Dataset records
══════

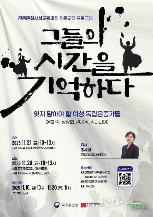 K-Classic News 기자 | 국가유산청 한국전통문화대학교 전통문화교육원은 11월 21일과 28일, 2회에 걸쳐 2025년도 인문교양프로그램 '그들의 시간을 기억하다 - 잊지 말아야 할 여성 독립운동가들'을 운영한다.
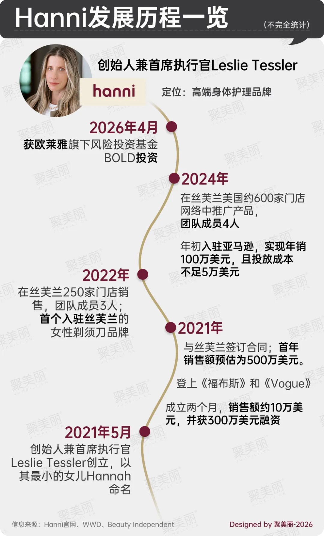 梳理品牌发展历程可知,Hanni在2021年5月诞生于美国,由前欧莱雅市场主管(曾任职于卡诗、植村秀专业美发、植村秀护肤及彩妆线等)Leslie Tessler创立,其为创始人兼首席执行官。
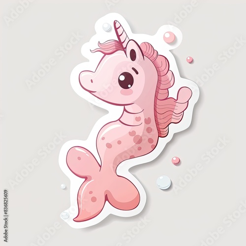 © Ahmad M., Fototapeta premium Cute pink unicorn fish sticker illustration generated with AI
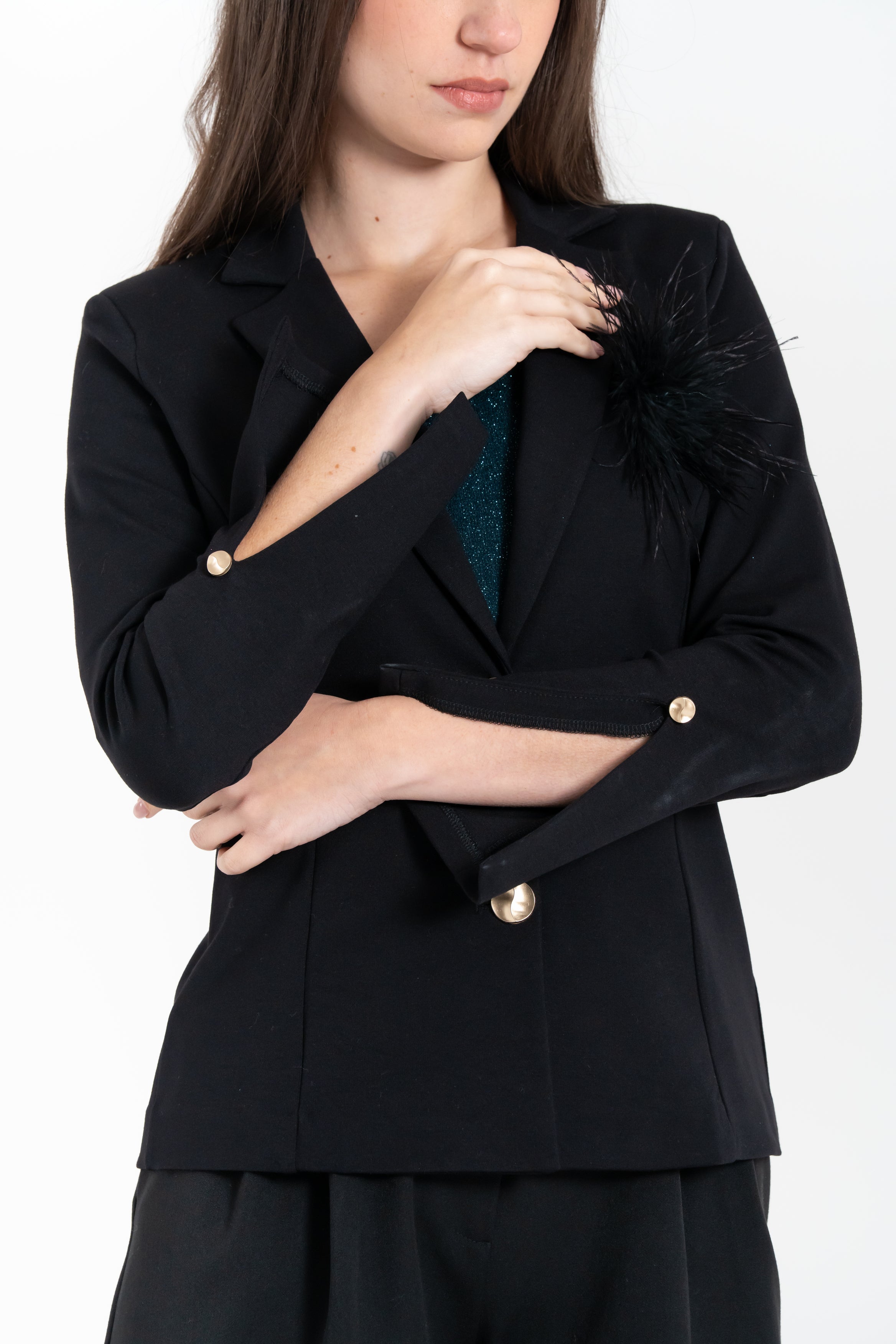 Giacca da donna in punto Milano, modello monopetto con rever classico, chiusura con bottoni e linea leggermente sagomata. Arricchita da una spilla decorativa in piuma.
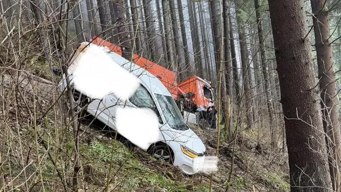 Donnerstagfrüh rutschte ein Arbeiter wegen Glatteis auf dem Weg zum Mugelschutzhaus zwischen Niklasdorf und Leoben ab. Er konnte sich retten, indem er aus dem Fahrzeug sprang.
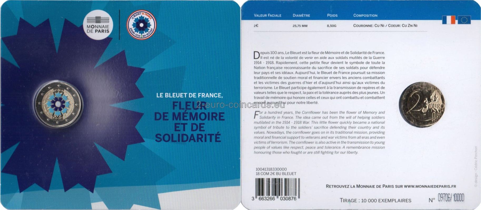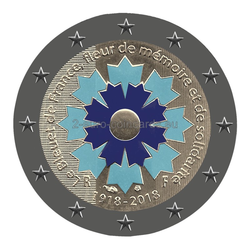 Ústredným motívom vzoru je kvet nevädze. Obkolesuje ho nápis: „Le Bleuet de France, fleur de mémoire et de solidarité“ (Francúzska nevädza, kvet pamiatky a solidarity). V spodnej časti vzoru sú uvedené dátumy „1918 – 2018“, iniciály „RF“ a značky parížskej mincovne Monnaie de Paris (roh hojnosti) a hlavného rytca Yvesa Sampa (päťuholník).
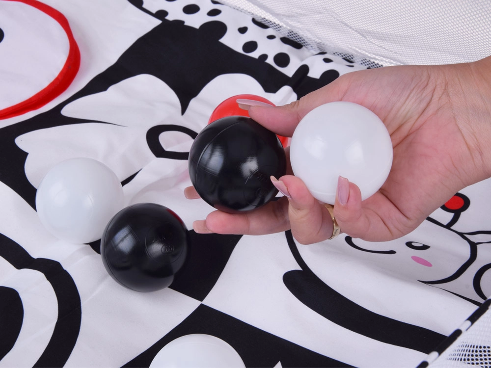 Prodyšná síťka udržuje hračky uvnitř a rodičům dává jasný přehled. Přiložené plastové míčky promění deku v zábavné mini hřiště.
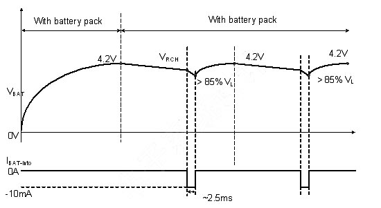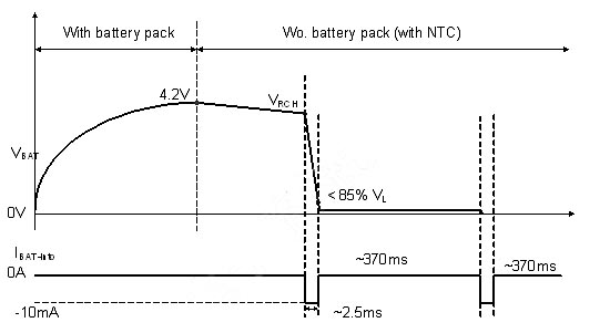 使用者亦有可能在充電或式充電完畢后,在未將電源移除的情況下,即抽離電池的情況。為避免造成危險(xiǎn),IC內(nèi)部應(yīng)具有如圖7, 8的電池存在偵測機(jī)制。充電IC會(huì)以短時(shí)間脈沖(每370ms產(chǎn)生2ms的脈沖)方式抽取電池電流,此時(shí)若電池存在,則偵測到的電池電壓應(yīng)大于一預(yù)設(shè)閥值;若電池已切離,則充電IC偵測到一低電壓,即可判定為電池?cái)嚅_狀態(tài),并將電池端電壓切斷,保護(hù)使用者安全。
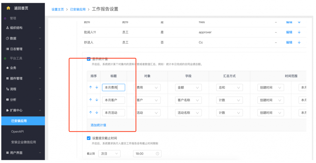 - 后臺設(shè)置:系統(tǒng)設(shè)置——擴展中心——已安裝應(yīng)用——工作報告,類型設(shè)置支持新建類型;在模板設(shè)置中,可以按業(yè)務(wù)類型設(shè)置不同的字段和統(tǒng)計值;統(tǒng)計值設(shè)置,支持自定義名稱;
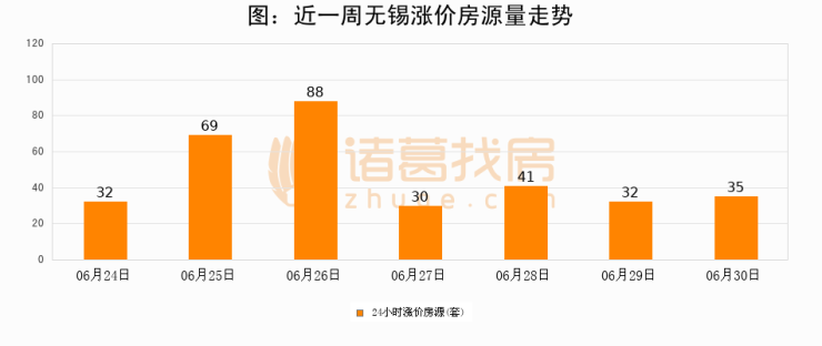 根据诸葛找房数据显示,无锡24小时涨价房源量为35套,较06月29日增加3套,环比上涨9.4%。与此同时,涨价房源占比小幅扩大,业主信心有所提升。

══════

== REQUIREMENT ==
With the images excluded, reproduce the data above precisely as written.

== WRITTEN REPLY ==
 K-Classic News 기자 | 국가유산청 한국전통문화대학교 전통문화교육원은 11월 21일과 28일, 2회에 걸쳐 2025년도 인문교양프로그램 '그들의 시간을 기억하다 - 잊지 말아야 할 여성 독립운동가들'을 운영한다.
 梳理品牌发展历程可知,Hanni在2021年5月诞生于美国,由前欧莱雅市场主管(曾任职于卡诗、植村秀专业美发、植村秀护肤及彩妆线等)Leslie Tessler创立,其为创始人兼首席执行官。
 © Ahmad M., Fototapeta premium Cute pink unicorn fish sticker illustration generated with AI
 Giacca da donna in punto Milano, modello monopetto con rever classico, chiusura con bottoni e linea leggermente sagomata. Arricchita da una spilla decorativa in piuma.
 Donnerstagfrüh rutschte ein Arbeiter wegen Glatteis auf dem Weg zum Mugelschutzhaus zwischen Niklasdorf und Leoben ab. Er konnte sich retten, indem er aus dem Fahrzeug sprang.
 Ústredným motívom vzoru je kvet nevädze. Obkolesuje ho nápis: „Le Bleuet de France, fleur de mémoire et de solidarité“ (Francúzska nevädza, kvet pamiatky a solidarity). V spodnej časti vzoru sú uvedené dátumy „1918 – 2018“, iniciály „RF“ a značky parížskej mincovne Monnaie de Paris (roh hojnosti) a hlavného rytca Yvesa Sampa (päťuholník).
 Prodyšná síťka udržuje hračky uvnitř a rodičům dává jasný přehled. Přiložené plastové míčky promění deku v zábavné mini hřiště.
 使用者亦有可能在充電或式充電完畢后,在未將電源移除的情況下,即抽離電池的情況。為避免造成危險(xiǎn),IC內(nèi)部應(yīng)具有如圖7, 8的電池存在偵測機(jī)制。充電IC會(huì)以短時(shí)間脈沖(每370ms產(chǎn)生2ms的脈沖)方式抽取電池電流,此時(shí)若電池存在,則偵測到的電池電壓應(yīng)大于一預(yù)設(shè)閥值;若電池已切離,則充電IC偵測到一低電壓,即可判定為電池?cái)嚅_狀態(tài),并將電池端電壓切斷,保護(hù)使用者安全。
 - 后臺設(shè)置:系統(tǒng)設(shè)置——擴展中心——已安裝應(yīng)用——工作報告,類型設(shè)置支持新建類型;在模板設(shè)置中,可以按業(yè)務(wù)類型設(shè)置不同的字段和統(tǒng)計值;統(tǒng)計值設(shè)置,支持自定義名稱;
 根据诸葛找房数据显示,无锡24小时涨价房源量为35套,较06月29日增加3套,环比上涨9.4%。与此同时,涨价房源占比小幅扩大,业主信心有所提升。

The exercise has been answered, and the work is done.